Furthermore, as in Case 1, it can be observed from

Table 9. Characterization of inputs and outputs designs D1–D4 for a $2\times 2$ two-stage absorber; active constraints are in bold.

Design	$\mathbf{det}({\mathbf{C}}_{\mathit{m}})$	$\mathbf{det}(\mathbf{B})$	$\mathbf{var}({\mathit{m}}_{\mathit{i}})$	$\mathbf{var}({\mathit{y}}_{\mathit{i}})$	${\mathit{\rho }}_{{\mathit{m}}_1,}{}_{{\mathit{m}}_2}$	${\mathit{\rho }}_{{\mathit{y}}_1,}{}_{{\mathit{y}}_2}$
D1	$9\times {10}^{-5}$	$0.45$	$0.5,0.5$	$0.07,0.09$	$0.99$	$1.00$
D2	$0.22$	$0.18$	$0.5,0.5$	$0.07,0.09$	$-0.35$	$1.00$
D3	$1\times {10}^{-8}$	$0.45$	$0.5,0.5$	$0.07,0.09$	$1.00$	$1.00$
D4	$0.25$	$0.25$	$0.5,0.5$	$0.04,0.05$	$-4\times {10}^{-9}$	$0.79$

that the value of $\det (B)$ (a measure of parameter estimation accuracy) is larger for design D4 than for design D2. This, again, illustrates the fact that earlier IC satisfaction by IC-optimal designs is achieved at the cost of loss in the accuracy of parameter estimates.
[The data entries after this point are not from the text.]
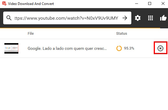 Se quiser cancelar o download, basta clicar no ícone X
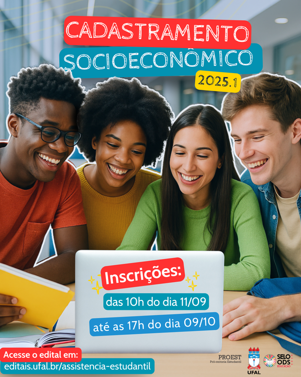 A Universidade Federal de Alagoas (Ufal), por meio da Pró-reitoria Estudantil (Proest), lançou o edital do Cadastramento Socioeconômico para o semestre letivo de 2025.1. O processo é voltado para estudantes ingressos em todos os cursos de graduação na modalidade presencial e em situação de vulnerabilidade social. As inscrições estarão abertas a partir das 10h do dia 11 de setembro, até as 17h do dia 9 de outubro. o link para inscrição ainda não está disponível.
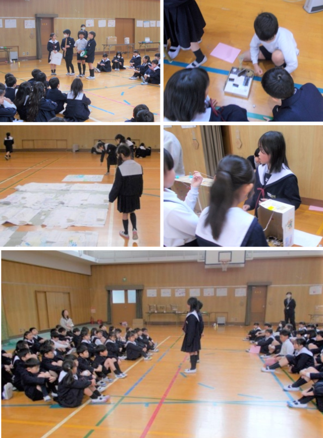 3年生と2年生の合同の取り組み「おもちゃランド」の様子です。3年生になると社会や理科、総合的な学習の時間、毛筆書写、リコーダーなど、新しい学習がたくさん始まります。3年生から2年生に、リコーダーを演奏したり毛筆で書いた文字を見せたりして新しい学習について紹介し、3年生という学年の楽しさを伝えました。また、新しく始まる教科の理科で学習したことをもとにおもちゃをつくって、2年生と一緒に楽しく遊びました。両学年の子どもたちが、進級する喜びを感じてくれたことと思います。

Additional details can be found in Panjwani and Nikolaou [11].

4.9. Summary: DOE for IC-Compliant Model Identification

To be useful in robust model-based control, a model can benefit from satisfaction of the IC condition. To identify such a model from experimental data, the IC condition must be directly incorporated into DOE. A number of DOE problems for the identification of IC-compliant models have been formulated and solved in recent years, as summarized here. These problems cover a number of cases and vary in rigor and complexity. Optimal inputs from these DOE problems can be obtained analytically or numerically, depending on the kind of constraints imposed on the inputs and outputs of the process to be identified.

5. Conclusions

In this paper, we summarized the formulation and solution of several DOE problems for the identification of models directly useful in model-based controller design. Specifically, the DOE problems focused on addressing two important control-relevant modeling issues, namely accurate estimation of multivariable model order and identification of an IC-compliant multivariable model.
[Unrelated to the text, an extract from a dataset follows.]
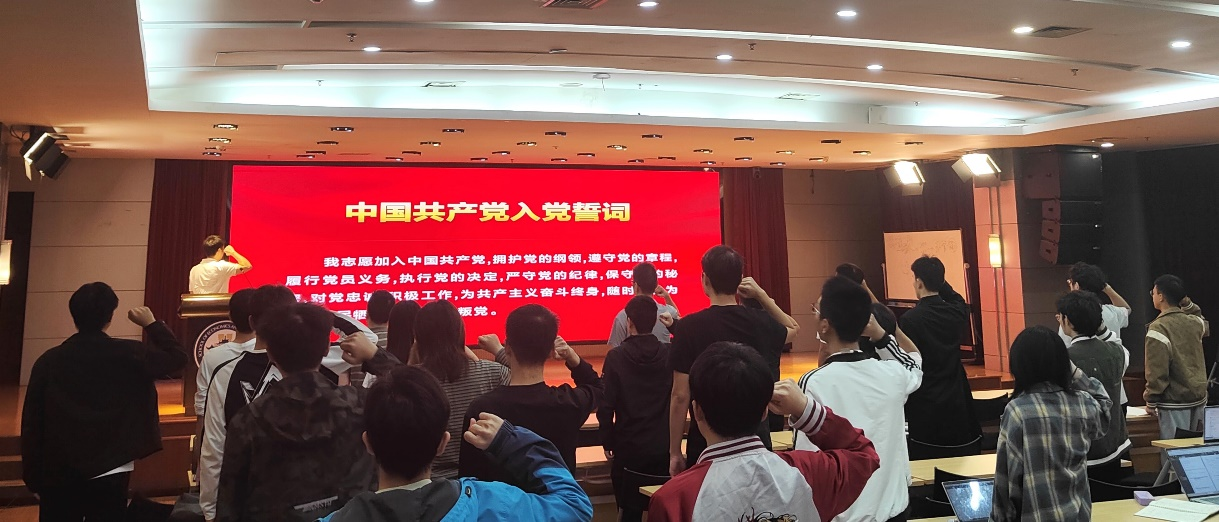 教师第六党支部书记陈植元老师带领全体党员重温入党誓词。

For accurate multivariable model order estimation, a crucial first step before model parameter estimation, an adaptive DOE was presented. This DOE results in appropriately proportioned rotated PRBS inputs and is particularly useful for identification of ill-conditioned systems for which data from ordinary identification experiments with PRBS inputs fail to estimate model-order accurately.

For the identification of an IC-compliant multivariable model, a number of DOEs was presented that directly incorporated IC in the formulation of the problem. These IC-optimal designs address a number of cases of practical importance, depending on the kind of input and/or output constraints to be satisfied during an experiment and on prior knowledge about a process available before experimentation.
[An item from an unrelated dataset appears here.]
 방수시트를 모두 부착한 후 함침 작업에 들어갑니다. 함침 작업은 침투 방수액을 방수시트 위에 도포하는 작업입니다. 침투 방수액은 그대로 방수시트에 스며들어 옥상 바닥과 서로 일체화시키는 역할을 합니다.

Solutions of corresponding DOE problems can be obtained either analytically or numerically, depending on the problem formulation for each case.

6. Future Work

Additional features to the DOE problems presented in this paper can be investigated, including the following.

• Design of rotated PRBS inputs using a multivariable dynamic model rather than steady-state gain matrix for adaptive rotated DOE (cf. Section 3.8).
• Extension of the adaptive DOE framework to incorporate various chance constraints on outputs (cf. Section 3.8).
• Extension of IC-optimal design framework to incorporate constraints on inputs and/or outputs in the time domain (cf. Section 4.4, Section 4.5 and Section 4.6).
• Extend the MPCI framework of simultaneous model predictive control and identification [46] by incorporating the IC condition directly in the closed-loop objective function.
• Investigate the underlying theoretical reasons for agreement or disagreement between IC-optimal and D-optimal designs (cf. Section 4.4, Section 4.5 and Section 4.6).
• Extension of the IC-optimal DOE framework to other dynamic model forms such as state-space identified by the prediction-error or and SI method (cf. Section 4.5).
• Extension of IC-optimal design framework to incorporate partial knowledge in the form of inequality constraints (cf. Section 4.6).
• Extension of IC-optimal DOE to other kinds of IC, such as decentralized integral controllability (DIC) [39].